WHAT NEEDS TO BE DONE: An exact copy of the listing below is the answer, with the pictures removed.

DATA:

Start of Block

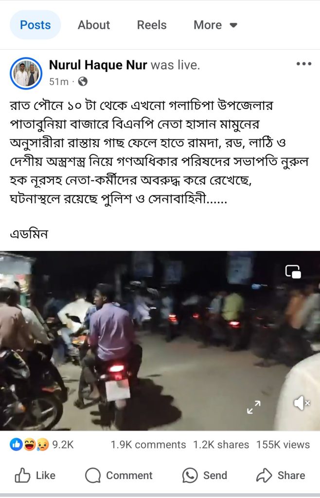 গন অধিকার পরিষদ সভাপতি ও ডাকসুর সাবেক ভিপি নূরুল হক নূরকে তার নিজ নিবাচনি এলাকা পটুয়াখালীর গলাচিপায় পথরোধ করে রেখেছে বলে দাবী করেছেন তিনি। নূরের ভেরিফাইড ফেজবুকে রাত এগারোটার দিকে দেয়া একটি স্ট্যাটাসে তিনি দাবী করেন গলাচিপা উপজেলার পাতাবুনিয়া বটতলা বাজারে বিএনপি নেতা হাসান মামুনের অনুসারীরা রাস্তায় গাছ ফেলে গুলতি,রড,রামদা নিয়ে আমাদের পথ রোধ করেছে। স্থানীয় কয়েকজনকে মারধর করে দুটি মোটর সাইকেলও ভাংচুর করেছে।
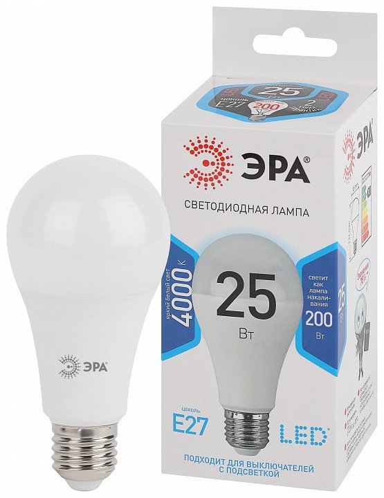 Главная Лампочки Лампа светодиодная ЭРА E27 25W 4000K матовая LED A65-25W-840-E27
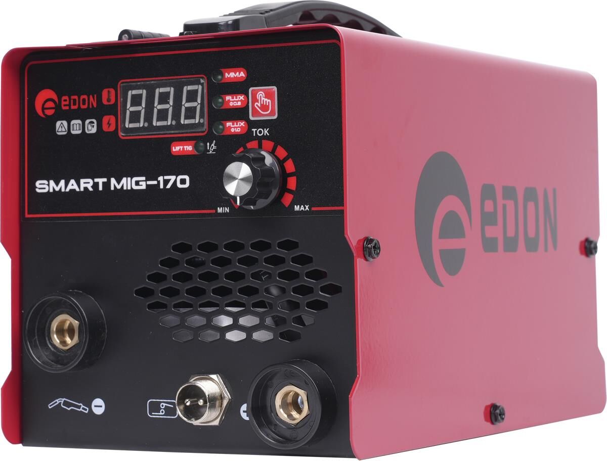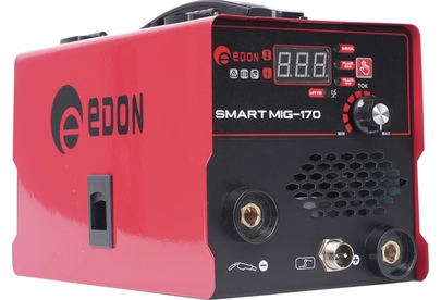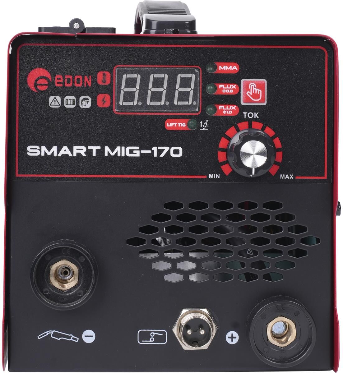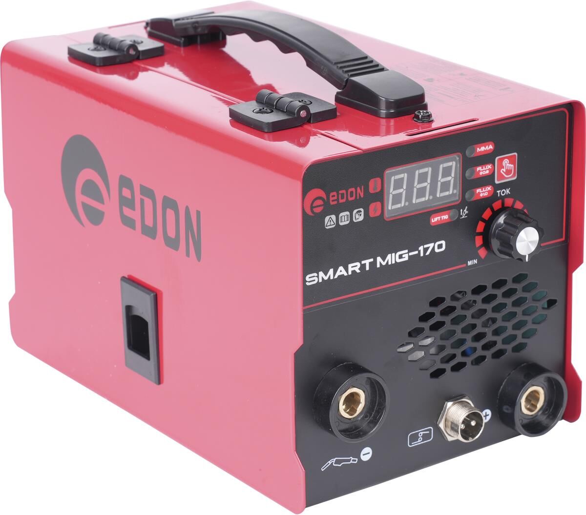 Сварочный аппарат Edon Smart MIG-170 без газа, MIG, MMA, FCAW. Сварочный инверторный полуавтомат с функцией ручной дуговой сварки) предназначен для ручной дуговой сварки ММА стальных металлоконструкций из низкоуглеродистых и низколегированных сталей штучными электродами с покрытием всех видов и размеров от 2,0 до 4,0мм, а также для сварки FCAW без газа порошковой (самозащитной) проволокой (с флюсом) диаметром 0,8-1,0мм. В данном сварочном полуавтомате предусмотрена функция LIFT TIG - это процесс дуговой сварки, при котором используется дуга, горящая между неплавящимся вольфрамовым электродом и изделием. Инверторные сварочные полуавтоматы используются для сварки изделий с повышенными требованиями к внешнему виду и форме шва. Инвертор предназначен для работы от однофазной сети 220В(± 10%).
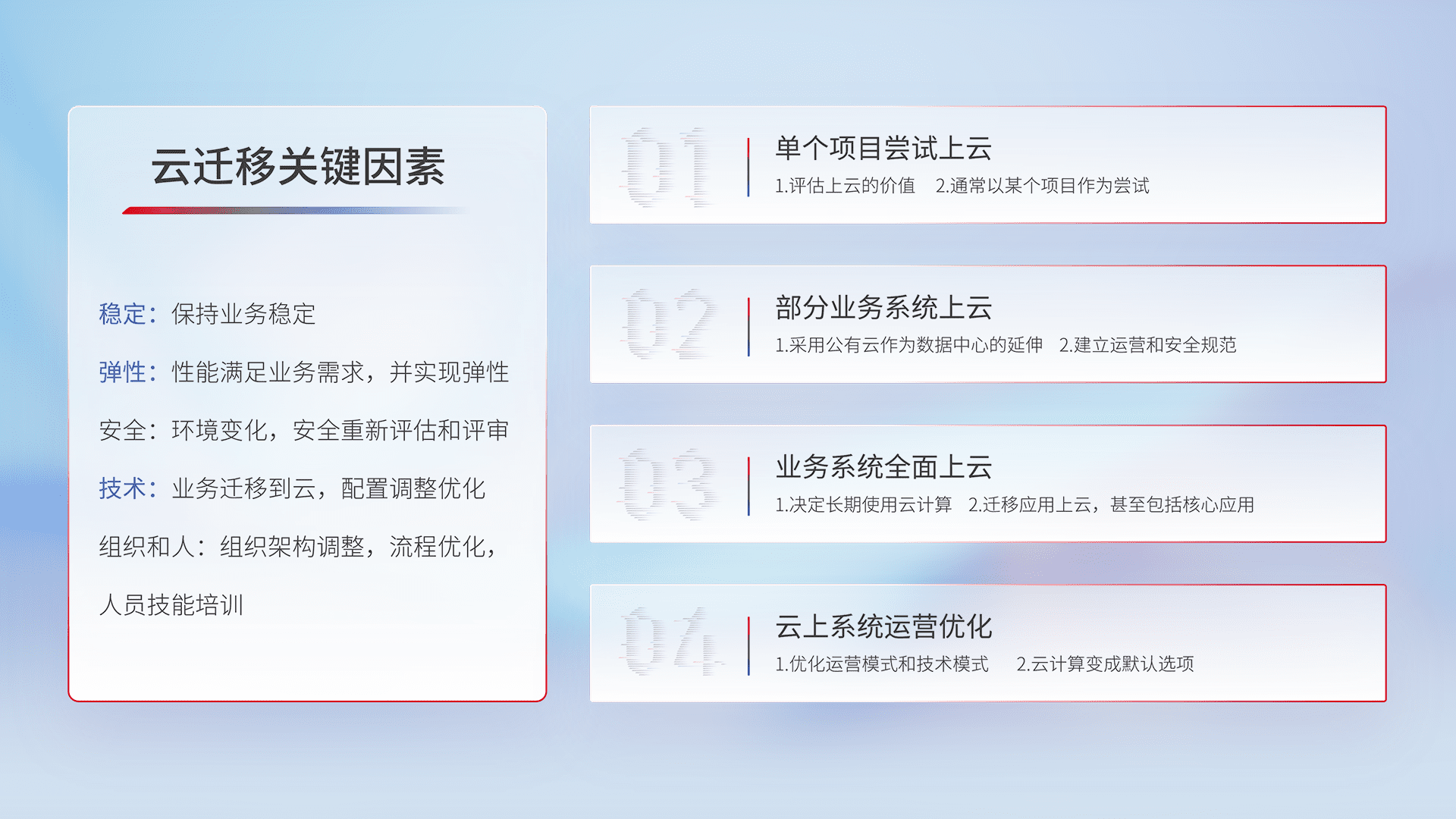 结合实际业务,,,,从规划设计、、云平台选型、、、、云原生改造、、数据迁移、、、、集成交付,,,迁移全过程为客户识别最佳上云路径,,做好风险识别管理,,,,设计网络架构、、、、身份权限、、安全审计合规、、、、操作审计、、日志审计、、、、监控告警策略、、多站点容灾设计等,,,对云上基础设施进行整体规划,,,,提升IT治理水平,,,以满足弹性、、高可用、、、、高性能的需求。。。

End of Block

WRITTEN ANSWER:
 গন অধিকার পরিষদ সভাপতি ও ডাকসুর সাবেক ভিপি নূরুল হক নূরকে তার নিজ নিবাচনি এলাকা পটুয়াখালীর গলাচিপায় পথরোধ করে রেখেছে বলে দাবী করেছেন তিনি। নূরের ভেরিফাইড ফেজবুকে রাত এগারোটার দিকে দেয়া একটি স্ট্যাটাসে তিনি দাবী করেন গলাচিপা উপজেলার পাতাবুনিয়া বটতলা বাজারে বিএনপি নেতা হাসান মামুনের অনুসারীরা রাস্তায় গাছ ফেলে গুলতি,রড,রামদা নিয়ে আমাদের পথ রোধ করেছে। স্থানীয় কয়েকজনকে মারধর করে দুটি মোটর সাইকেলও ভাংচুর করেছে।
 Главная Лампочки Лампа светодиодная ЭРА E27 25W 4000K матовая LED A65-25W-840-E27
 Сварочный аппарат Edon Smart MIG-170 без газа, MIG, MMA, FCAW. Сварочный инверторный полуавтомат с функцией ручной дуговой сварки) предназначен для ручной дуговой сварки ММА стальных металлоконструкций из низкоуглеродистых и низколегированных сталей штучными электродами с покрытием всех видов и размеров от 2,0 до 4,0мм, а также для сварки FCAW без газа порошковой (самозащитной) проволокой (с флюсом) диаметром 0,8-1,0мм. В данном сварочном полуавтомате предусмотрена функция LIFT TIG - это процесс дуговой сварки, при котором используется дуга, горящая между неплавящимся вольфрамовым электродом и изделием. Инверторные сварочные полуавтоматы используются для сварки изделий с повышенными требованиями к внешнему виду и форме шва. Инвертор предназначен для работы от однофазной сети 220В(± 10%).
 结合实际业务,,,,从规划设计、、云平台选型、、、、云原生改造、、数据迁移、、、、集成交付,,,迁移全过程为客户识别最佳上云路径,,做好风险识别管理,,,,设计网络架构、、、、身份权限、、安全审计合规、、、、操作审计、、日志审计、、、、监控告警策略、、多站点容灾设计等,,,对云上基础设施进行整体规划,,,,提升IT治理水平,,,以满足弹性、、高可用、、、、高性能的需求。。。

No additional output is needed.